Pero el Diego no aparece, che. Te desesperás un toque porque los días pasan y la camiseta albiceleste marca O-Lan trucha que llevás tiene las firmas de todos menos la de él. Tiene incluso la del paraguayo Struway, titular en su selección, pero que no jugó un puto partido bien en la acadé; o la del uruguayo Soca, juro que uno de los peores jugadores de Racing que vi en mi vida. Entoncés te juntás con cuatro pibitos más de tu edad y entre ustedes hacen un grupo comando hacia la puerta del hotel. Se turnan en la guardia de a dos. Si Diego se asoma, uno avisa al resto y todos juntos lo atacan. Pero no. Mañana será otro día…

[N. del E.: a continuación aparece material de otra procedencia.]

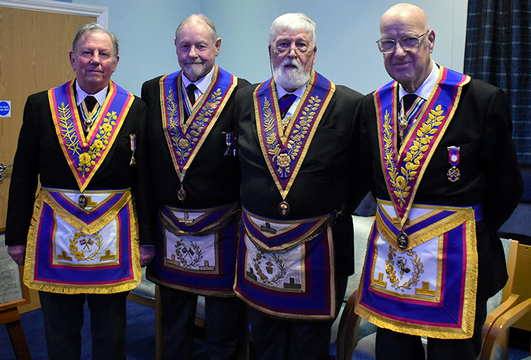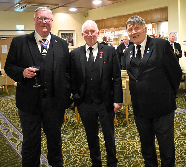 | Principal guest on the evening, representing PGM Keith Beardmore, was Steve Walls. He was accompanied by his son Chris Walls the provincial grand senior warden and Gordon Sandford provincial grand steward. Another acting officer Les Newlands provincial grand senior deacon is the lodge director of ceremonies. | |

Es una tarde calurosa, con sol pero con viento en la playa. La típica tarde del verano atlántico. Hay revoloteo en la puerta del hotel. Al día siguiente ya volveré a casa a estudiar así que corro a espiar convencido de que es mi última oportunidad. No soy tan alto todavía así que salto por detrás de las cabezas para ver qué sucede. Hay una Ferrari en la puerta que derrocha derroche. Son minutos de expectativa hasta que la puerta se abre. El murmullo se vuelve silencioso y empiezan a salir tipos. Allegados al plantel y patovas despejan la zona hasta que por fin se lo ve. Es petisito y con el pecho más inflado que vi en mi vida (tiene con qué, ¿no?). Empiezo a escalar posiciones para acercarme cuando me doy cuenta de que el apresuramiento atentó contra el objetivo: no tengo ni marcador, ni las remeritas de juguete compradas para ser firmadas, ni mucho menos la cámara de fotos para inmortalizar el momento, y muchísimo menos a mis hermanas para que oficien de fotógrafas.
No importa. A matar morir. Lo saludo y me saluda mientras se saca fotos con casi todos (yo soy parte del “casi”) y putea y se recontra calienta cuando lo abrazan. “No me toquen la espalda, carajo”. Nunca robé nada. Bah, alguna vez tomé figuritas en el voleo que pertenecía a un amigo, pero no es muy relevante. Sin embargo en la desesperación miré a mis costados y arranqué el primer marcador que tuve cerca de mi mano. Se lo di a Diego en un santiamén y le entregué el pecho celeste y blanco para que me lo firme.
Me fui con sonrisa ancha y ya no maldije a mis hermanas por no estar al lado en el momento adecuado. Volví a casa satisfecho. Hice el curso de ingreso a la secundaria y lo pasé con creces. La chica que me gustaba me rebotó. La sonrisa de haber visto a Maradona, y encima perteneciendo a mi querida Academia, fue lo mejor de ese verano. Y si algún día me cruzo a Matías Martin, estaré listo para la pregunta número 10. Ah, el marcador lo devolví.